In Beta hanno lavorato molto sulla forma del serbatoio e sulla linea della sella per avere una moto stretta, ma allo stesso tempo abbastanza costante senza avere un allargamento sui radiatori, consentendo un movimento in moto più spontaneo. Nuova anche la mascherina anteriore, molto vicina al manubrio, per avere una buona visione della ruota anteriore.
---
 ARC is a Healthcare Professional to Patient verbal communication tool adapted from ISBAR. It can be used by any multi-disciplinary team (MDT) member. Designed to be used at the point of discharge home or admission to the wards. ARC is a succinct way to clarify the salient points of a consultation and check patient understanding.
--
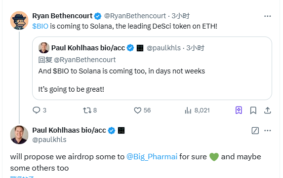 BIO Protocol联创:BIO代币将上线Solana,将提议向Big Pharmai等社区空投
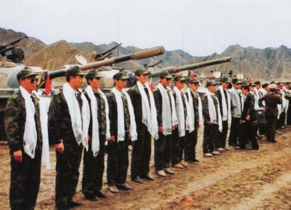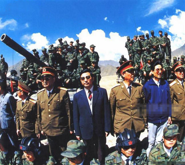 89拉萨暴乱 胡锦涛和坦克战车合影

#### Task instructions
Print from the line containing "BIO Protocol联创:BIO代币将上线Solana,将提议向Big Pharmai等社区空投" through the line containing "89拉萨暴乱 胡锦涛和坦克战车合影" in the data above, exactly as the lines stand, and omit every picture.

#### Solution to this task
 BIO Protocol联创:BIO代币将上线Solana,将提议向Big Pharmai等社区空投
 89拉萨暴乱 胡锦涛和坦克战车合影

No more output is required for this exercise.